Reproduce, exactly, the lines of the material below from the line containing "This image showcases" through the line containing "コンパクトなサイジングと気品漂うMKシグネチャーパターンがフェミニンな魅力を放つ KAYLEE(カイリー) 2", with both end lines included and nothing else.

──────── PROVIDED MATERIAL

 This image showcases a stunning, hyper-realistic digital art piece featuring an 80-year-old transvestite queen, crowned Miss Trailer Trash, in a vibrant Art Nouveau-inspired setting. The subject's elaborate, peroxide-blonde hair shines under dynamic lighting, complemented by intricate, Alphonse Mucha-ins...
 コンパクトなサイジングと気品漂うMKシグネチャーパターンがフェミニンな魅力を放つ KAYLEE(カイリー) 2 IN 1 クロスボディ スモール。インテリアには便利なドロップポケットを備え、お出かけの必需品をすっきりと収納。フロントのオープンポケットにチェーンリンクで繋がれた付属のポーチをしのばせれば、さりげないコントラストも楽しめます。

────────────────
──────── PROVIDED MATERIAL

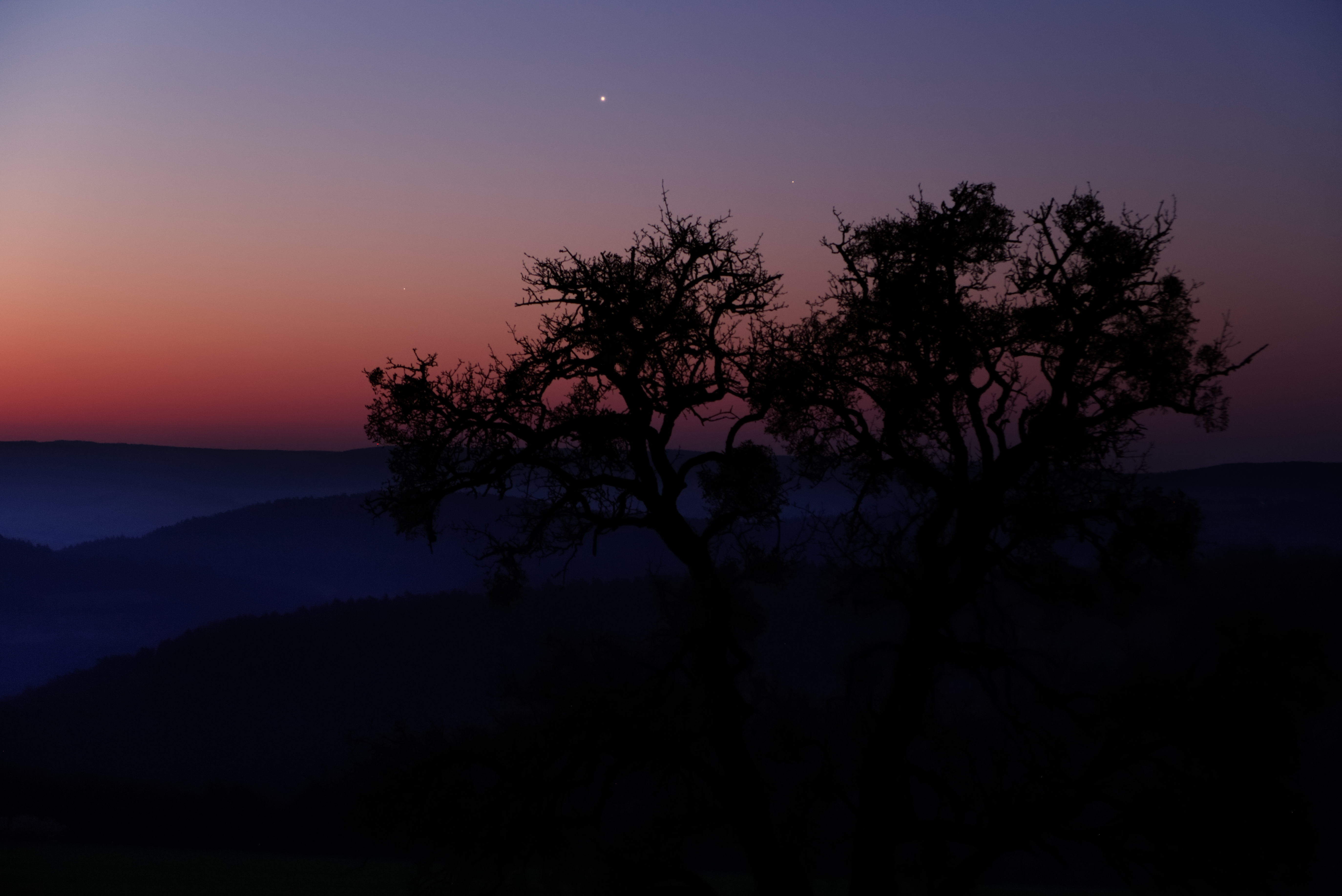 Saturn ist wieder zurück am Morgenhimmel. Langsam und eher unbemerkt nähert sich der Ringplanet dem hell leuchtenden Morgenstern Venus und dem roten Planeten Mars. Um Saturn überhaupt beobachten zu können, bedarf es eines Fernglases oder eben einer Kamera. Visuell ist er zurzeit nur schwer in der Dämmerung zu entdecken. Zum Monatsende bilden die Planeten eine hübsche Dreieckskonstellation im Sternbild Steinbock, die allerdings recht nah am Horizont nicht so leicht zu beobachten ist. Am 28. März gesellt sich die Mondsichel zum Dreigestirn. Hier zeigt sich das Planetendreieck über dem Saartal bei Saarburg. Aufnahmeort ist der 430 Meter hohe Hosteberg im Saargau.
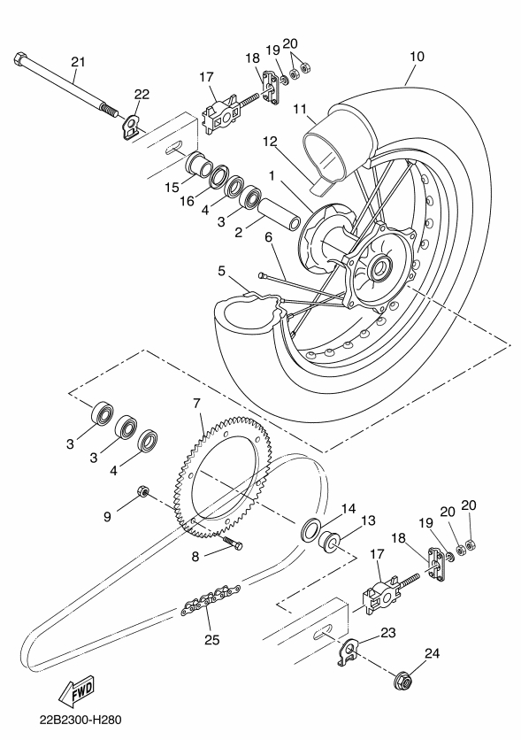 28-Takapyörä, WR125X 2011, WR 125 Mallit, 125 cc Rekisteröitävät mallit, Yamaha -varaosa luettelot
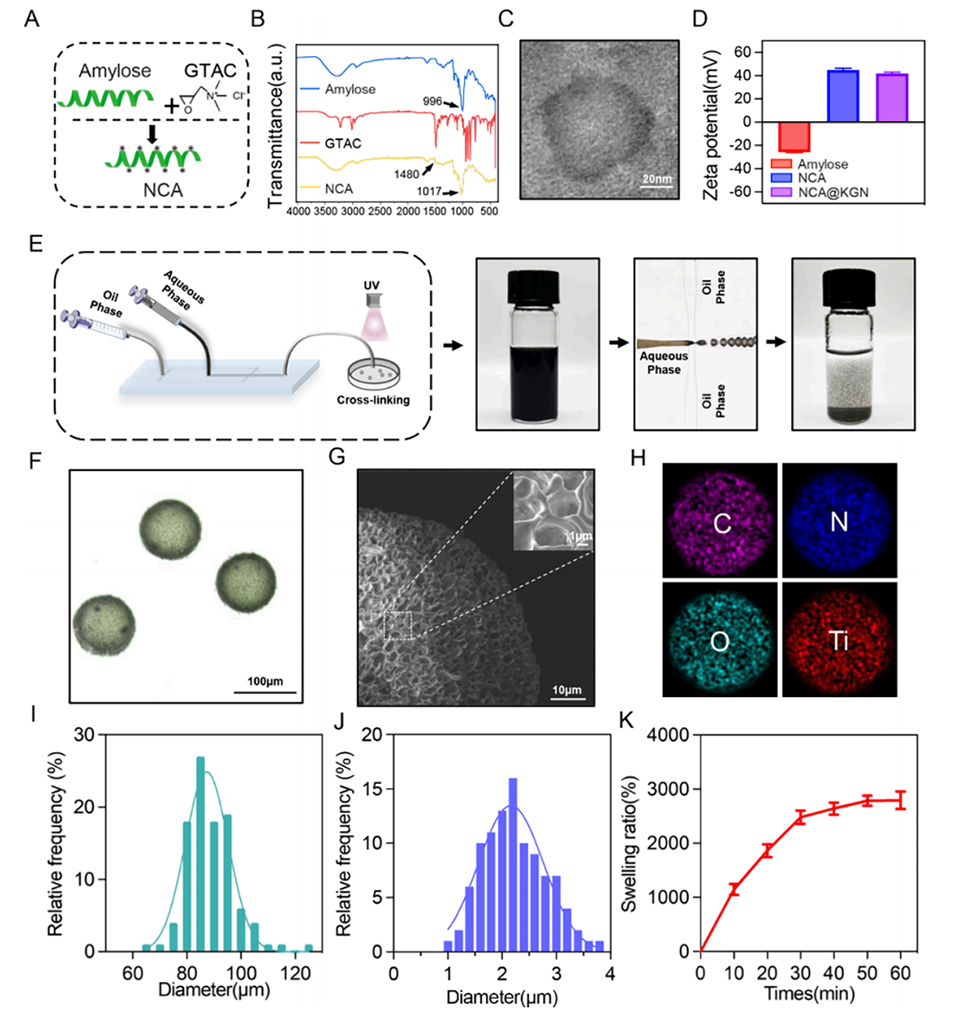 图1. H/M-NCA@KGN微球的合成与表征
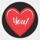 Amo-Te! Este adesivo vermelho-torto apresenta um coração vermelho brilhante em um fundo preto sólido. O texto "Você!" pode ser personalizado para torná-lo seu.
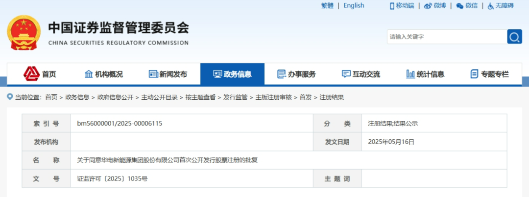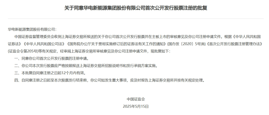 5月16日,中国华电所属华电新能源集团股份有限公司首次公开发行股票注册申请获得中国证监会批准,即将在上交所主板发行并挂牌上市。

────────────────

RESPONSE BOX:
 This image showcases a stunning, hyper-realistic digital art piece featuring an 80-year-old transvestite queen, crowned Miss Trailer Trash, in a vibrant Art Nouveau-inspired setting. The subject's elaborate, peroxide-blonde hair shines under dynamic lighting, complemented by intricate, Alphonse Mucha-ins...
 コンパクトなサイジングと気品漂うMKシグネチャーパターンがフェミニンな魅力を放つ KAYLEE(カイリー) 2 IN 1 クロスボディ スモール。インテリアには便利なドロップポケットを備え、お出かけの必需品をすっきりと収納。フロントのオープンポケットにチェーンリンクで繋がれた付属のポーチをしのばせれば、さりげないコントラストも楽しめます。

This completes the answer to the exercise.